The line with "Щетка для расчесывания" starts the range, and the last line of the listing ends it. Retype that range exactly, without pictures.

— Given information —
*** Begin section ***
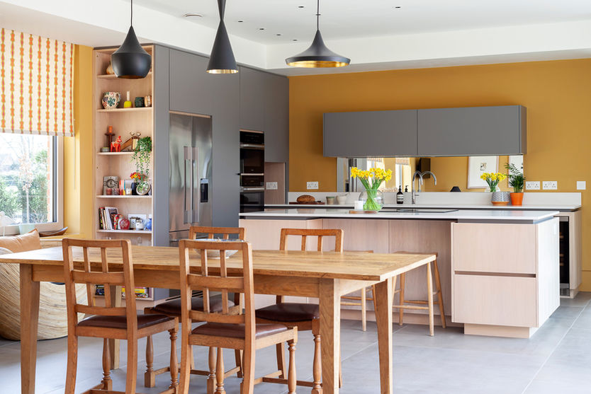 Open storage adds depth to the design, while grey doors provide a sophisticated counterpoint to the bold mustard yellow walls. With carefully integrated appliances ensuring ease of use, this vibrant space embraces both character and modernity—an eco-home kitchen that is as stylish as it is functional.
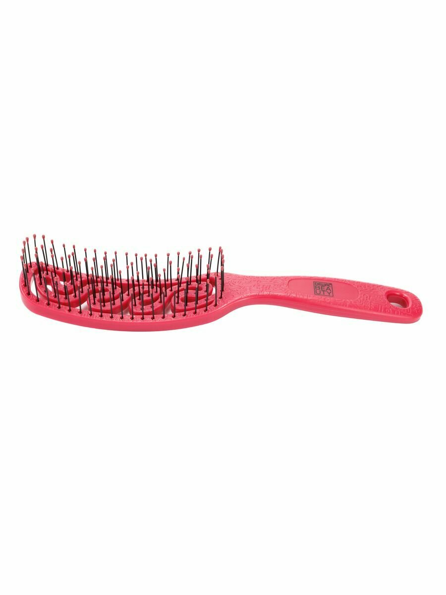 Щетка для расчесывания и укладки волос - аксессуар, который должны быть у каждой представительницы прекрасного пола. Продувная щетка для волос выполнена из переработанного пластика, поэтому ее можно считать экологически чистым продуктом. Графическая текстура на щетке – предотвращает скольжение в руках.
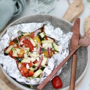 - Zet de pakketjes op een barbecue van ongeveer 200 graden, voor circa 20 minuten. Vouw de pakketjes open en verkruimel de feta erover.
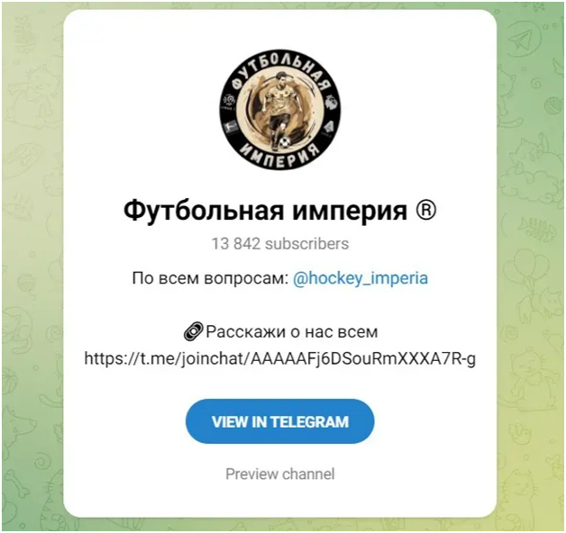 Не так давно телеграмм-канал Футбольная империя по ссылке @footballimp имел аудиторию свыше 13 тысяч человек. При этом вовлеченность не соответствовала численности аудитории, публикации просматривали порядка 2000 человек. До Футбольной империи канал назывался Хоккейная империя. То есть капер резко поменял свою специализацию, что, конечно же, выглядит довольно подозрительно.
*** End section ***
— Answer to the exercise —
 Щетка для расчесывания и укладки волос - аксессуар, который должны быть у каждой представительницы прекрасного пола. Продувная щетка для волос выполнена из переработанного пластика, поэтому ее можно считать экологически чистым продуктом. Графическая текстура на щетке – предотвращает скольжение в руках.
 - Zet de pakketjes op een barbecue van ongeveer 200 graden, voor circa 20 minuten. Vouw de pakketjes open en verkruimel de feta erover.
 Не так давно телеграмм-канал Футбольная империя по ссылке @footballimp имел аудиторию свыше 13 тысяч человек. При этом вовлеченность не соответствовала численности аудитории, публикации просматривали порядка 2000 человек. До Футбольной империи канал назывался Хоккейная империя. То есть капер резко поменял свою специализацию, что, конечно же, выглядит довольно подозрительно.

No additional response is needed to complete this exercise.